On a related note, anyone know a free app that lets you read HFS+ partitions in Windows? I wanted to use FAT32 for my backups, but the image I am backing up is 90GB, so FAT32 isnt an option.
 
Actually FAT32 does not have any practical size limits. (I want to say the real limit is 4 TB or something like that). However windows doesn't let you make it any larger than 32 GB I believe purely to get people to use NTFS. If you make the FAT32 partition on your mac you can make it whatever size you wish.

Unless you're saying that 90 GB is treated like one file, in which case FAT32 won't work as its over the 4 GB single file limit. In that case ignore this post.
 
Actually FAT32 does not have any practical size limits. (I want to say the real limit is 4 TB or something like that). However windows doesn't let you make it any larger than 32 GB I believe purely to get people to use NTFS. If you make the FAT32 partition on your mac you can make it whatever size you wish.

Unless you're saying that 90 GB is treated like one file, in which case FAT32 won't work as its over the 4 GB single file limit.
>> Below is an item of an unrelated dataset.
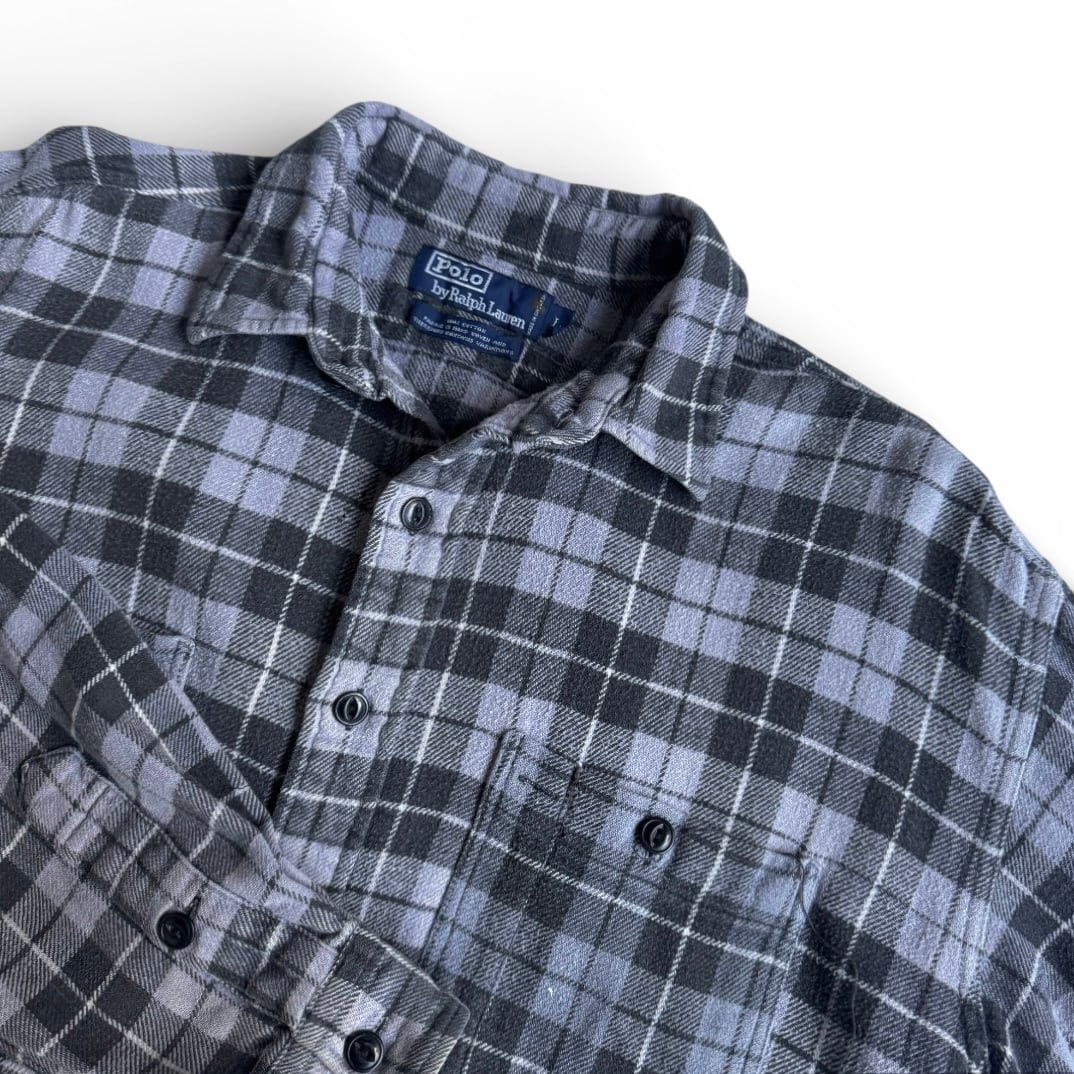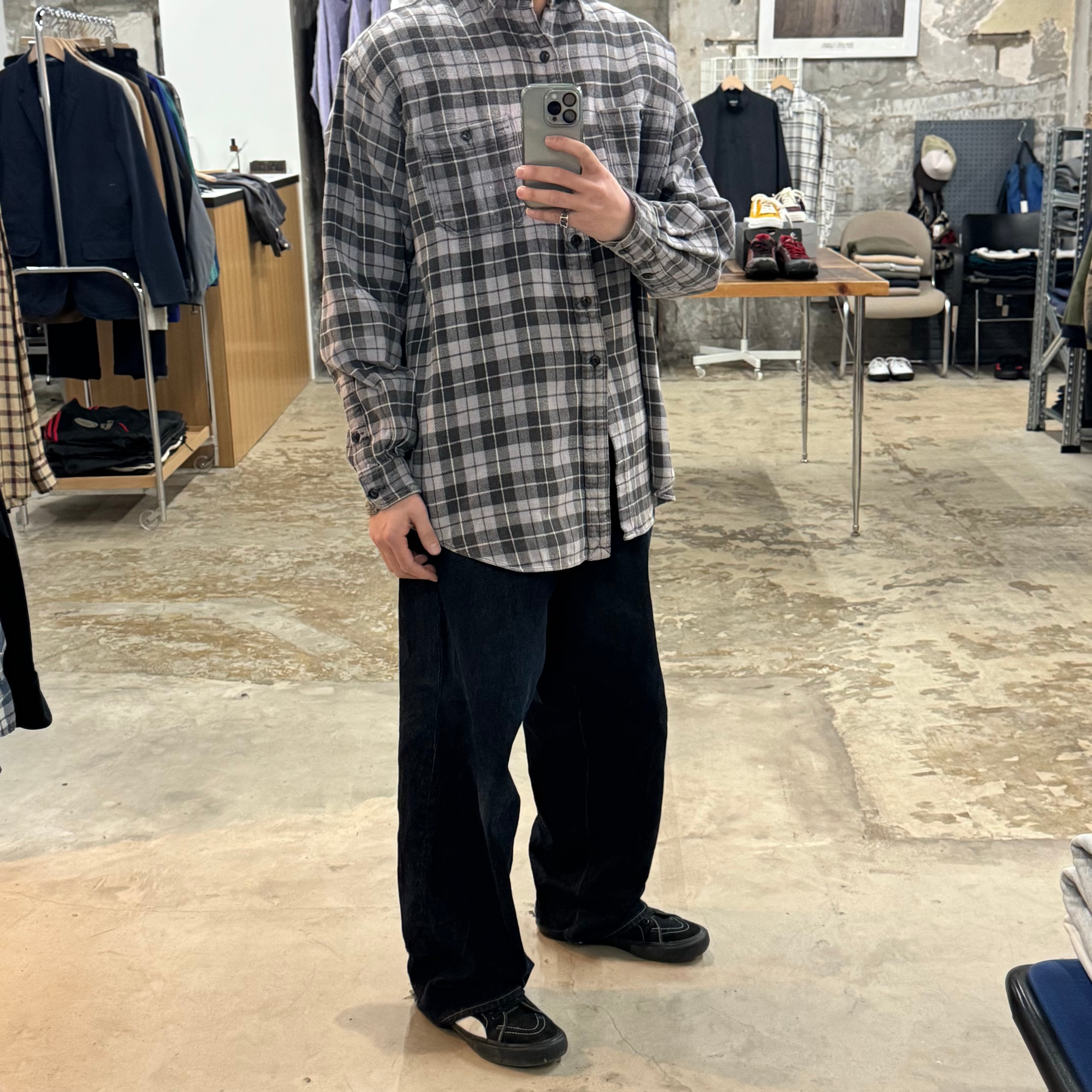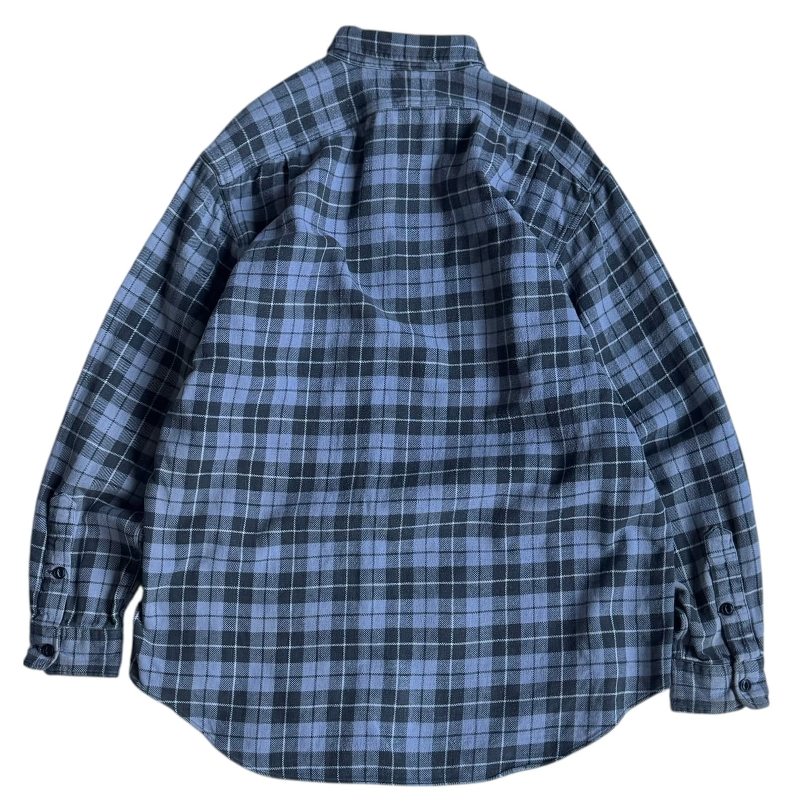 •SIZE L 肩幅 53cm 袖丈 63.5cm 身幅 69cm 着丈 86cm 175cm着用 •MATERIAL COTTON 100% •COLOR ブルーグレー系 ブラック •CONDITION 所々に小さなダメージや汚れ。 写真にてご確認下さい。 gar2827

In that case ignore this post.


True for the partition size, not the filesize. There is a 4GB max limit on filesize. As I said earlier, I backup to a image file thats about 90GB.
 
Well, it worked the way I did it option #1 that I described in my first post again, this time it worked. I made sure MBR was selected, since my other external drives are set for that.

Not sure why it worked this time, maybe I didnt have MBR selected last time.

You may already know this, but if you ever decide you want to be able to boot your mac from the external (HFS) partition, you won't be able to with it set to MBR.

Intel-based macs need it set to GUID and PowerPC-based need APM.

It's easier to correct this know when you don't have anything on the drive.
 
You may already know this, but if you ever decide you want to be able to boot your mac from the external (HFS) partition, you won't be able to with it set to MBR.

Intel-based macs need it set to GUID and PowerPC-based need APM.

It's easier to correct this know when you don't have anything on the drive.

Yes, I know this. This drive is actually a second backup for my Mac. I also backup to a portable external drive and do a bootable clone. The drive I am using on this thread is just a backup to an image file, so I couldnt boot to it.